How It Works | Sibyls Edge

The Core Idea

Most sports bettors lose — not because they're bad at sports, but because they're fighting an opponent (the sportsbook) that has priced every game using its own statistical models. Beating a sportsbook long-term requires finding games where your probability estimate is more accurate than theirs.

Sibyls Edge builds machine learning models trained on thousands of historical games. These models output a win probability for each team. When our probability is meaningfully higher than what the sportsbook's odds imply, we flag it as an edge. The size of your bet is then sized proportionally to that edge using the Kelly Criterion — a mathematically proven formula for optimal bet sizing under uncertainty.

This is the same framework used by professional sports bettors, quantitative hedge funds, and casino advantage players. The only thing that separates a losing strategy from a winning one is the accuracy of the underlying probability model.

What Goes Into the Model

Every prediction starts with data. We collect, clean, and process several categories of information for each sport:

Team Performance

Season-level offensive and defensive efficiency metrics. Not just wins and losses — the underlying statistics that predict future outcomes better than records do.

Strength of Schedule

We compute each team's adjusted rating accounting for who they beat and who beat them. A 10-win team that beat bad opponents is rated very differently from one that beat good opponents.

Recent Form

Rolling performance windows over recent games — because a team's form over the last 5–10 games often predicts this week's result better than their full-season average.

Contextual Factors

Rest schedules, travel distances, back-to-back games, injury reports, and home/away splits. Sports outcomes are affected by more than talent alone.

Historical Game Logs

25+ years of game-by-game results for each sport — the foundation the model learns from. Patterns that held across decades are far more reliable than recent trends alone.

Market Odds

Real-time lines from licensed sportsbooks via The Odds API. We compare our model's probability against the implied market probability to identify edges.
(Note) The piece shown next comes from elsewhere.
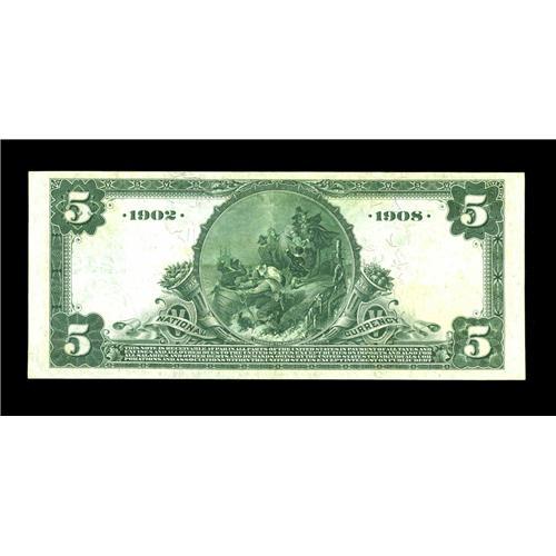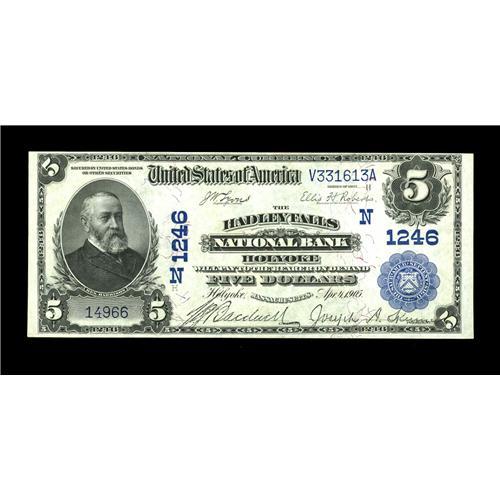 <B>Holyoke, MA</B></I> - $5 1902 Date Back Fr. 590 <B>The Hadley Falls NB</B></I> Ch. # (N)1246<BR>Despite a fairly long issue, notes from this bank are quite scarce, with just twelve examples listed in the Kelly census. This piece, which is new to that listing, is considerably nicer than any of the previously reported specimens. <B>About Uncirculated,</B></I> with great color and loads of original embossing.

What we don't publish: The specific combination of features, their relative weights, and the exact formulas we use to compute derived statistics are proprietary. Publishing them would allow others to replicate — and eventually arbitrage — the edge we've built. Think of it the way a poker player doesn't reveal their exact hand-reading tells.

How the Model Learns

We use an ensemble machine learning approach — multiple model types trained on the same data, whose predictions are blended together. Ensembles consistently outperform any single model because each component makes different errors, and those errors partially cancel out when averaged.

Feature Engineering

Raw statistics (points scored, yards gained, etc.) are transformed into differentials and ratios — the form that best captures the relative quality gap between two teams before they play.
Gradient Boosting Models

The primary model type. Gradient boosting builds decision trees sequentially, each one correcting the errors of the last. It excels at capturing non-linear relationships — for example, the interaction between a team's rest days and their road travel distance.
Regularized Logistic Regression (Baseline)
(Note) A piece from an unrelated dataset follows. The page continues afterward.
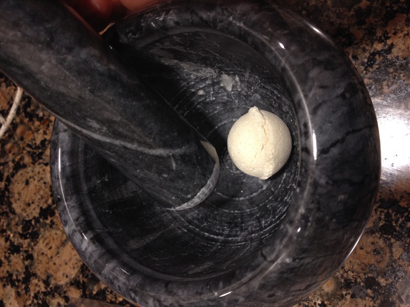 等着糯米彻底凉到室温的时候,可以处理酒药球。我买的是大华上海酒药丸。刚才说七碗糯米,就是因为七碗的量正好配一个酒药球。把就酒药球放入杵臼里面,捣成粉末即可。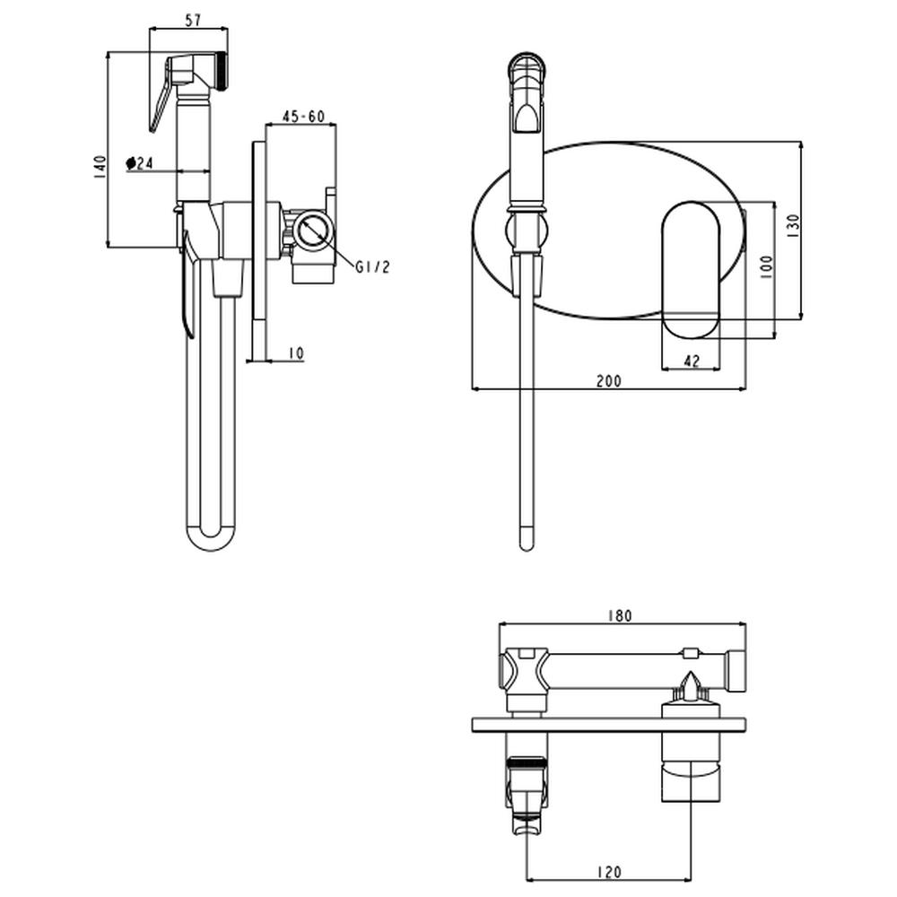 Гигиенический душ со смесителем встраиваемый Grocenberg GB003CR, хром

A deliberately simple model included in every ensemble. When the linear model matches or beats the complex one, it tells us the signal in the data is strong and clean. It also provides a stable floor that prevents the ensemble from overreacting to noise.
Probability Calibration

Raw model scores are transformed into true probabilities using isotonic regression — a technique that maps the model's output to observed win rates. This step is critical for Kelly sizing: a model that says 65% when the real rate is 58% will overbid and go broke.
Ensemble Blending

The calibrated outputs of each model are combined using weighted averaging. Weights are determined empirically — models that perform better in validation receive higher weight.

How We Know It's Actually Working

This is the part most prediction services skip. Showing a model's performance on data it was trained on is meaningless — of course it looks good on what it already saw. The only test that matters is performance on data the model has never seen.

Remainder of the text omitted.